Hmm I (naively) thought that the number of parameters is the number of regression parameters and standard deviations of the group-level effects. I didn’t know that the number of levels of each group-level effects counted as parameters … Indeed 230 parameters is a lot for 321 observations! So if I understand correctly, model inference will be better if there are less levels (as long as there is enough to estimate a standard deviation) per grouping factor (with more observations per level) than the reverse?

Does that apply to the population-effect prior or to the prior for the SDs of group-level effects?
And so if I understand correctly, my prior (or both priors?) was too uninformative and the model doesn’t have enough data to accurately estimate the different parameters?

Thanks @paul.buerkner, my predictors are already standardized so I’ll give it a try! Alternatively, would using a normal prior on the main regression coefficients with a smaller standard deviation be another solution? How could I then diagnostic whether the prior is informative enough or not?


#11

Since you only seem to have few predictors, the hierarchicial priors is probably too much. A narrower normal prior will likely do. Still, you need to set more informative priors on the varying effects’ SDs.


#12

Model inference is easier with less levels, but model is likely to be better with more levels and good hierarchical priors because then you are borrowing information between groups (kind of partial pooling).

It should be more important for group-level effects as there were more parameters in there.

You are on the edge, and some of the parameters are weakly identified and Bernoulli distribution makes it more difficult. It might be that better hierarchical model would solve the problem.


#13

OK, thanks, I’ll give it a try with more informative priors on the SDs. Should I keep a half student-t prior or would a half-Cauchy maybe be better?

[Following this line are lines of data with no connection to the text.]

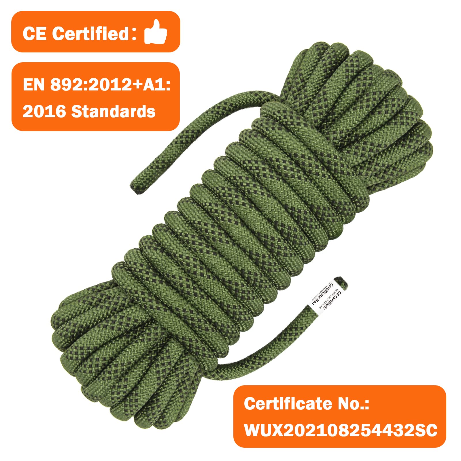 CE Certified: Our static climbing rope meets the CE Certification of EN 892: 2012+A2:2021 Standards (Certificate No.: WUX202310235416SC), ensuring quality control. Bright color ensure great visibility in all weather.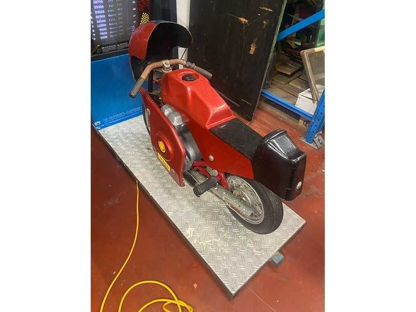 Kinder Race Arcade motorfiets, jaren 70-80 van de vorige eeuw, werkend No Merk: EMT Type: Speedway
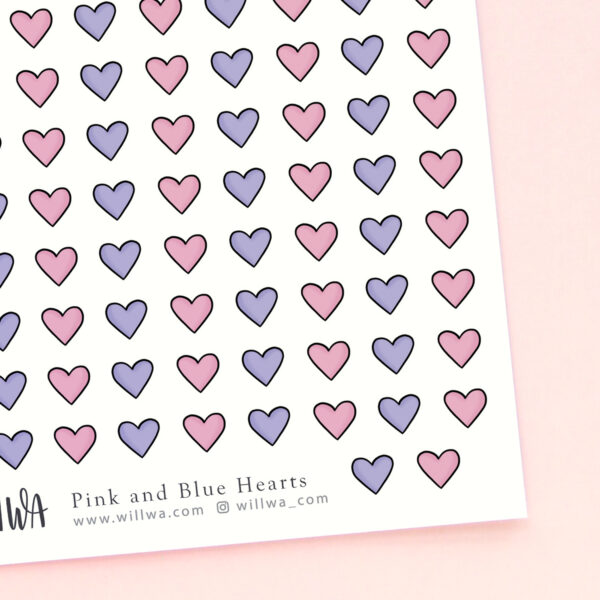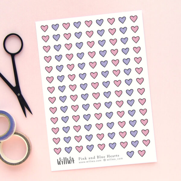A sticker sheet filled with pink and blue hearts. These mini deco stickers are perfect for planners, journals, scrapbooking and decorating your penpal letters.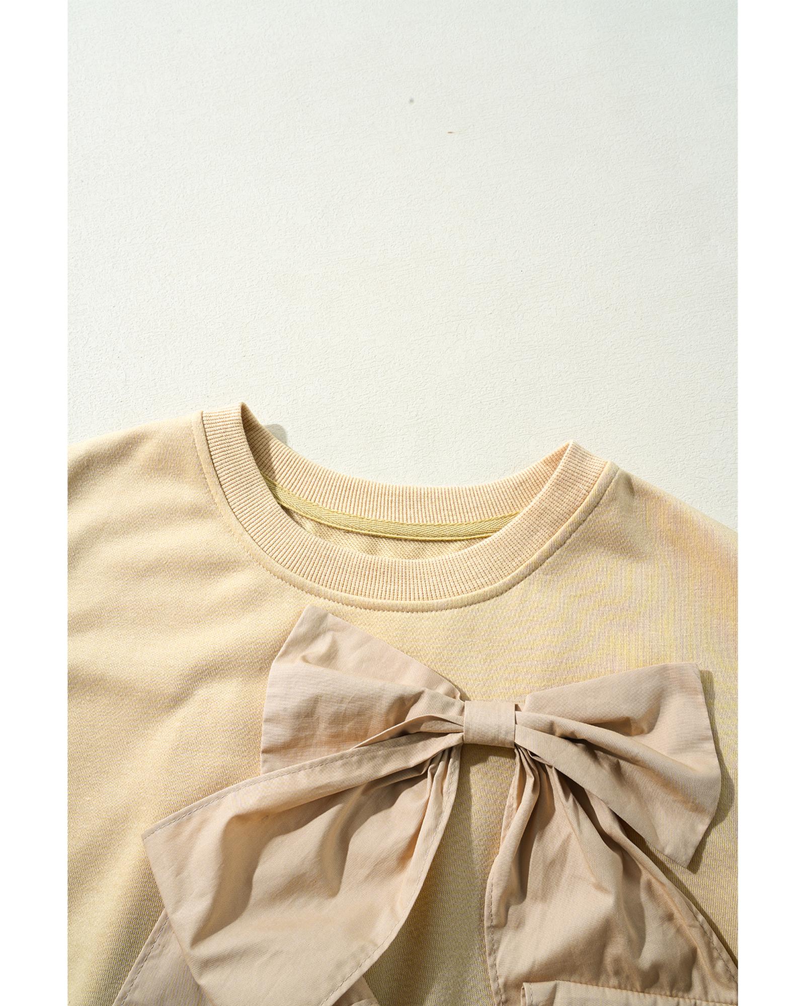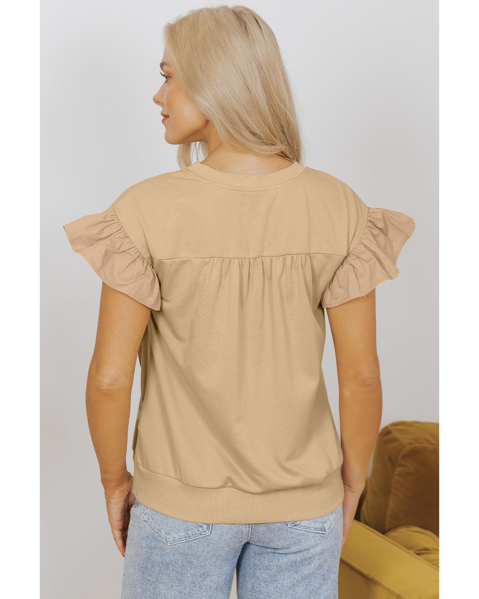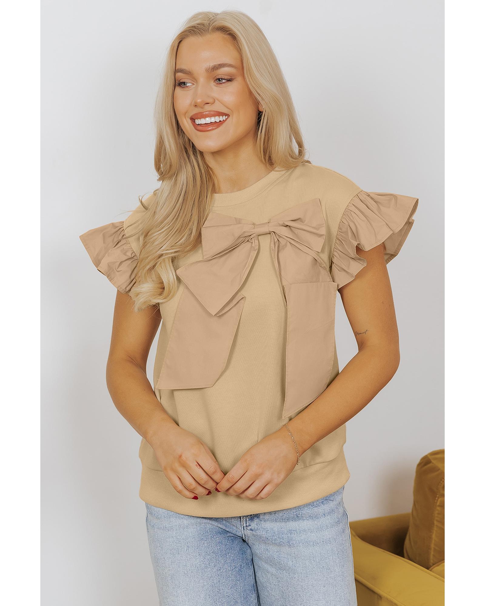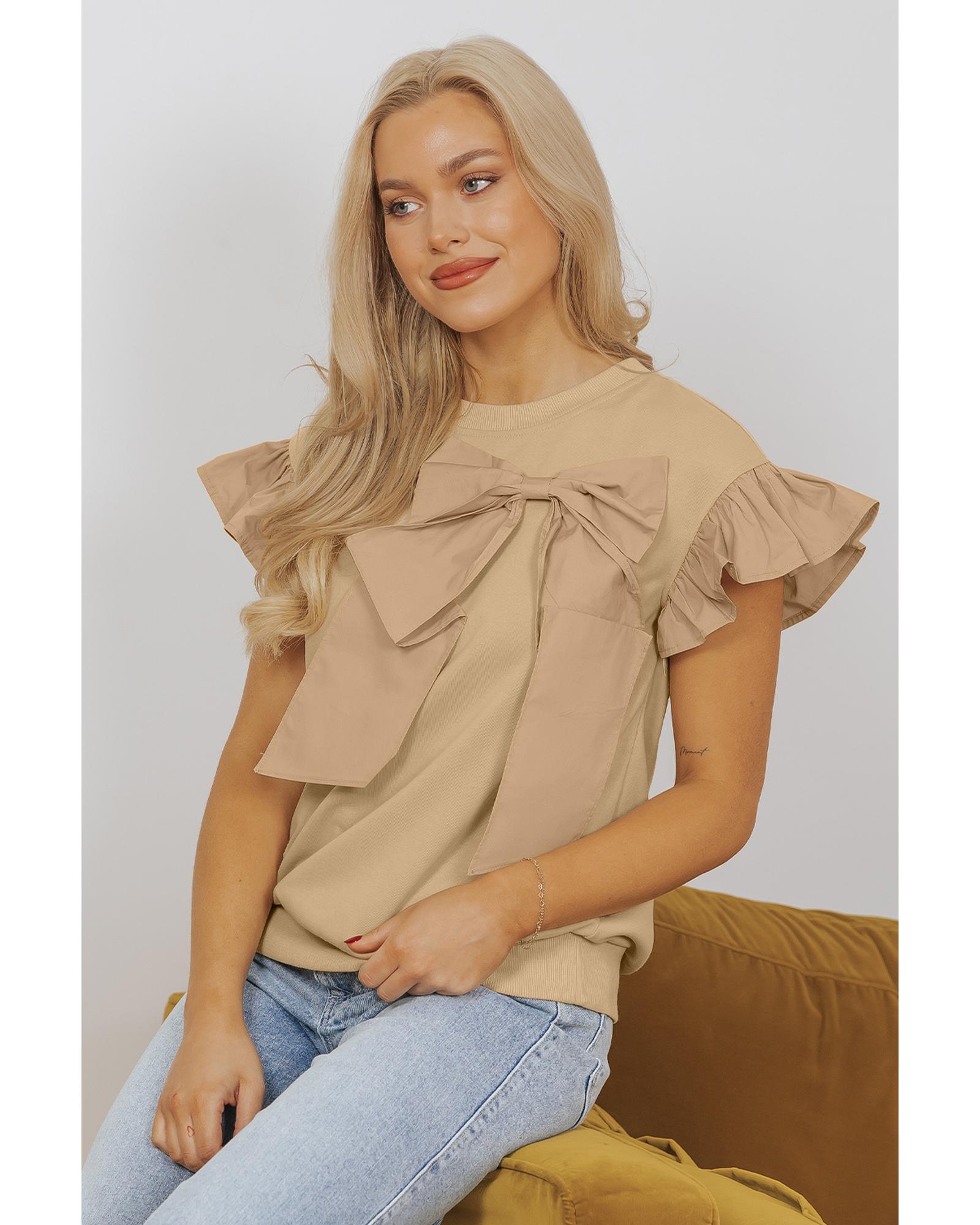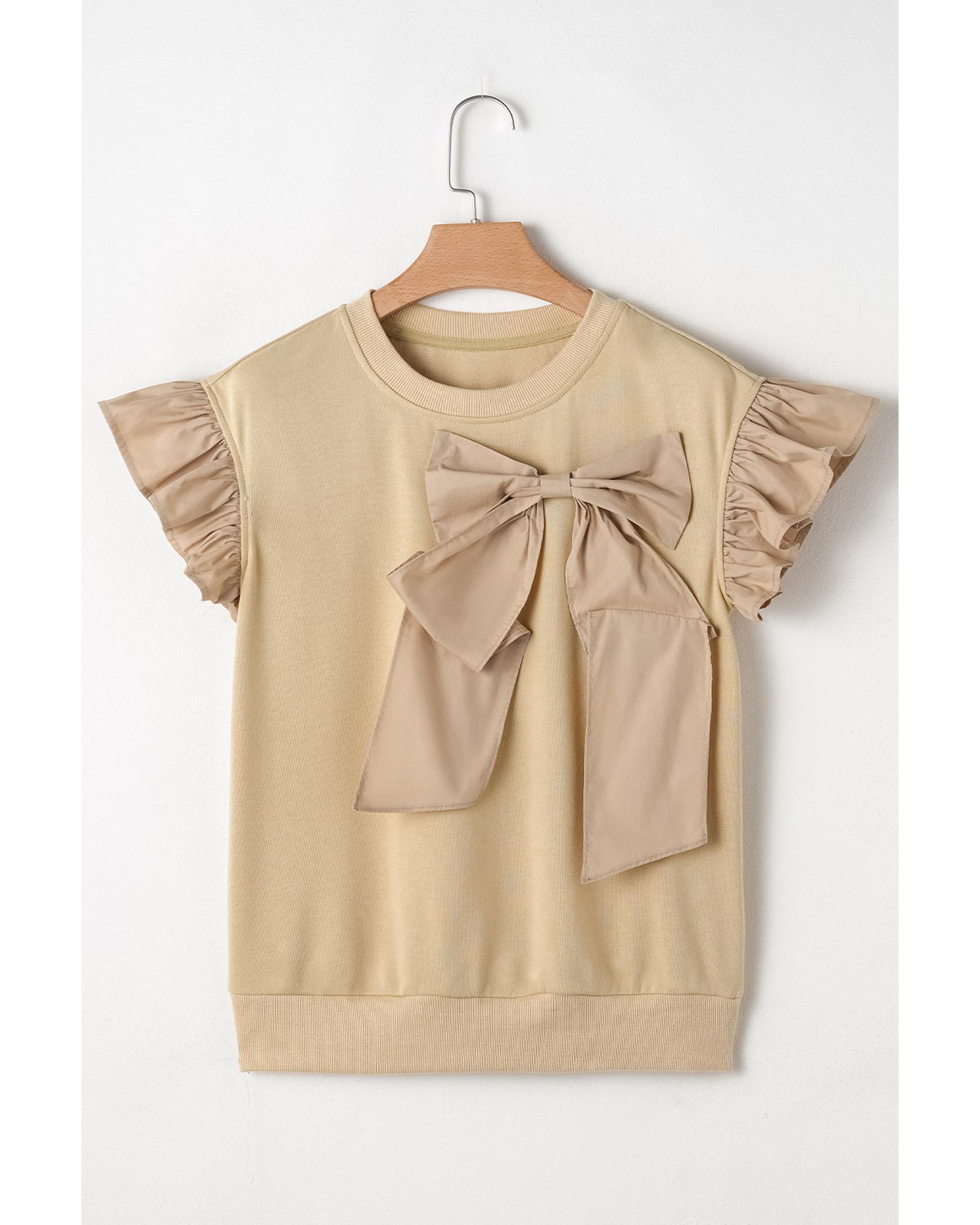 Parchment Two Tones Ribbon Bow Ruffle Sleeve Top – XL
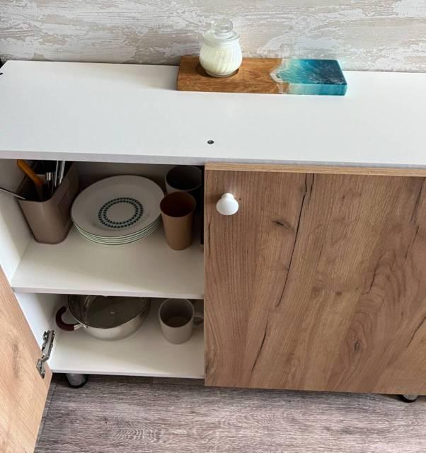Мебель: Двуспальная кровать, Обеденный стол, Кухонный гарнитур, Шкаф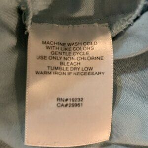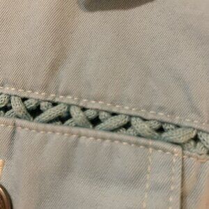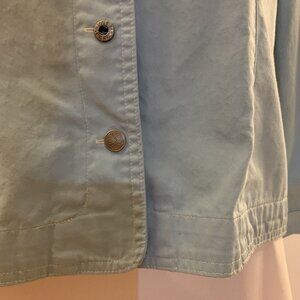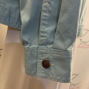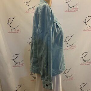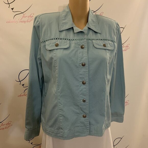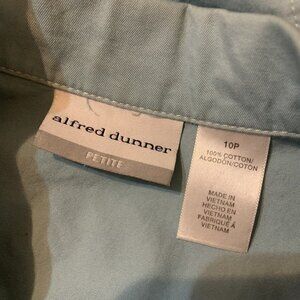 ALFRED DUNNER. Size 10P. Cotton Long Sleeve Cuffed 22.8". Snap Front Jacket. My monitor is showing the color as light blue but it's more of an aqua. Please not pic - next to botton snap is broken. Center back 23". Bust 21/42". (Armpit to armpit X2 - Taken with tailor's tape so could have a bit of play. Please add your preferred amount of ease.) Shoulder to hem 22.4". Machine wash. Inserted embellishment. Shoulder pads.

What characteristic of the Bernoulli distribution makes it more difficult? Would it be as difficult with any other non-Gaussian distribution?


#14

I would go for half-student-t or even half-normal. Half-cauchy will likely have too fat tails.


#15

Related to that I said that you are on the edge, the likelihood has the mode at the edge. You can plot the posterior given weak prior and observation y=0 or y=1 and you can see that the posterior changes a lot. You would like to borrow more information across groups.


#16

Thank you @paul.buerkner and @avehtari for your advice!